Fig. 7: Nuclear MTHFD2 catalytic activity is required for mitosis progression.

a Proportion of HCT116 mitotic cells treated with the indicated concentrations of TH9619 inhibitor for 96 hours normalized to DMSO condition; means + s.d. (n = 3), one-sample two-tailed t-test. b Percentage of HCT116 cells treated with DMSO or 63 nM TH9619 inhibitor for 96 hours at different mitotic phases; means + s.d. (n = 3), a minimum of 300 mitotic cells per replicate were analyzed, unpaired two-tailed t-test. c Quantification of anaphase bridges in HCT116 cells treated with DMSO or 63 nM TH9619 inhibitor for 96 hours; means + s.d. (n = 3), a minimum of 40 anaphase cells per replicate were analyzed, unpaired two-tailed t-test. d Representative images of anaphase defects in HCT116 cells treated with DMSO or 63 nM TH9619 inhibitor for 96 hours. DAPI is shown in gray and H3 phospho-Ser10 (H3PS10) is shown in red (second row) or ICA (third row); non-confocal mode, scale bar 10 μm. e Quantification (left) and representative images (right) of micronuclei in HCT116 cells treated with DMSO or 63 nM TH9619 inhibitor for 96 hours.

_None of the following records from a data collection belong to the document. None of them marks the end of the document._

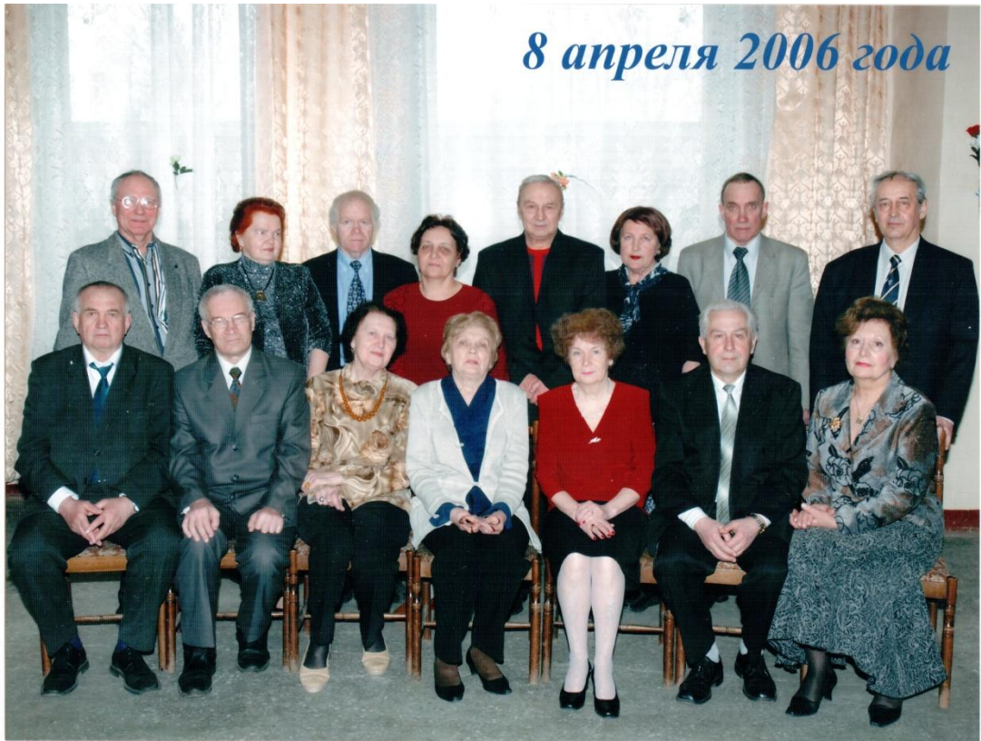
Торпедисты на встрече 2006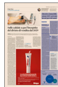
Peso: 1-2%, 6-25%

parto residenziale - dice il paper Ance - l'obiettivo della direttiva comporta il miglioramento della prestazione energetica di oltre 1,8 milioni di edifici in dieci anni, ovvero circa 180 mila interventi ogni anno. Se consideriamo anche i fabbricati con destinazione non residenziale con obbligo di riqualificazione, il numero degli interventi, ogni anno, sarà pari almeno a 215 mila. Si tratta di un numero in linea con quanto realizzato in media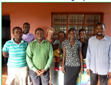
De Mukula trainersgroep met hun twee voorgangers

18 september – Huisbezoeken met de trainers van de Mukula groep.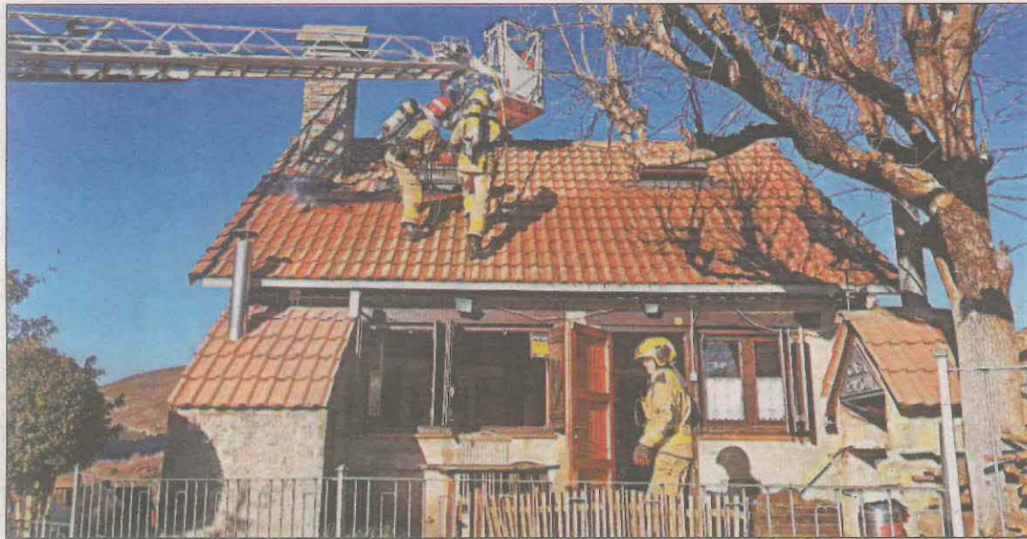
Els Bombers revisen la coberta de la casa afectada pel foc a Adons, al Pont de Suert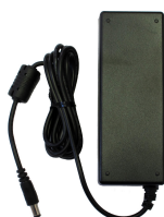
Netzteil 48 V DC, 1.25 A für L-SW-5700 Netzteil 48 V DC, 1.25 A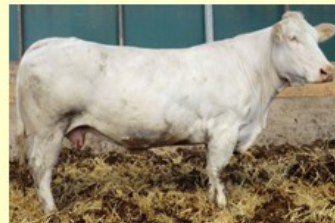
Bionda ( M.van Illusion) pref.stamm. 8.0 sh.150 O86 RT86 BS86 B84 AV86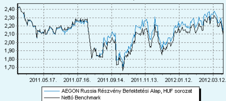
EGY JEGYRE JUTÓ NETTÓ ESZKÖZÉRTÉK, 2011.04.01 - 2012.03.31

Az alapok múltbeli teljesítménye nem nyújt garanciát a jövőbeli hozamok nagyságára. Jelen hirdetés nem minősül ajánlattételnek vagy befektetési tanácsadásnak. A befektetés részletes feltételeit az Alap Tájékoztatója tartalmazza, mely a mindenkor érvényes kondíciós listákkal együtt megtalálható a forgalmazási helyeken. A befektetési alap forgalmazásával (vétel, tartás, eladás) kapcsolatos költségek az alap kezelési szabályzatában és a forgalmazási helyeken megismerhetők.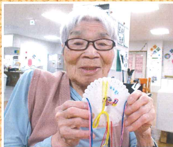
これを使って「組み紐」作り始めます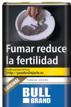
BULLBRAND 20 4,10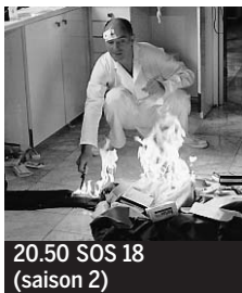
20.50 SOS 18 (saison 2)

5.45 Les Matinales. 6.00 EuroNews. 6.30 Toowam. Les Enfants du feu ; Inspecteur Gadget ♦. 8.35 Chouette Toowam. La Chouette ; La Panthère rose ; Le Marsupilami ; Le Club des 5 : mission secrète et sportive ♦. 11.05 Village départ. En direct.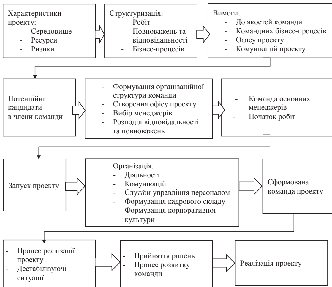
Рис. 3. Модель формування ефективної команди проекту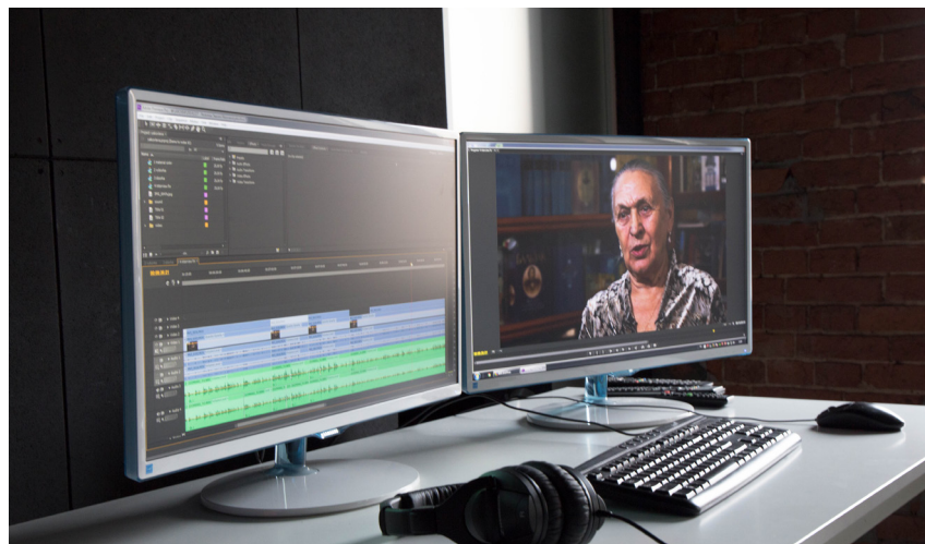
Монтажный компьютер в Студии визуальной антропологии

Для использования материала на выставках и в интернет-проектах Музею необходимо получить соглашение о передаче интервью, подписанное респондентом, с оговоренными условиями публикации и доступа к материалам исследователей, а также соглашение, подписанное авторами видео, о праве его использования. Соглашения отправляются дополнительно по электронной почте.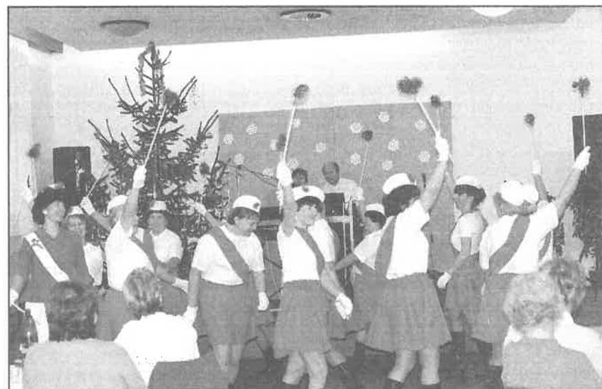
Mažoretky z Valašské Polanky při vystoupení.

CREST is shown in magenta and DAPI in gray; non-confocal mode, scale bar 10 μm. For the quantification, means + s.d. (n = 3), a minimum of 3500 cells per replicate were analyzed, unpaired two-tailed t-test. f Comparison of the log₂ mean intensity of nuclear levels of H4K20me1 in HCT116 cells treated with DMSO or the indicated concentrations of TH9619 inhibitor for 96 hours; unpaired two-tailed Wilcoxon test. Representative images are shown on the right; non-confocal mode, scale bar 10 μm. Source data are provided as a Source Data file. The n indicates the number of biological sample replicates for a–c, e; and the number of individual cells for f, where 3 biological replicates were pooled.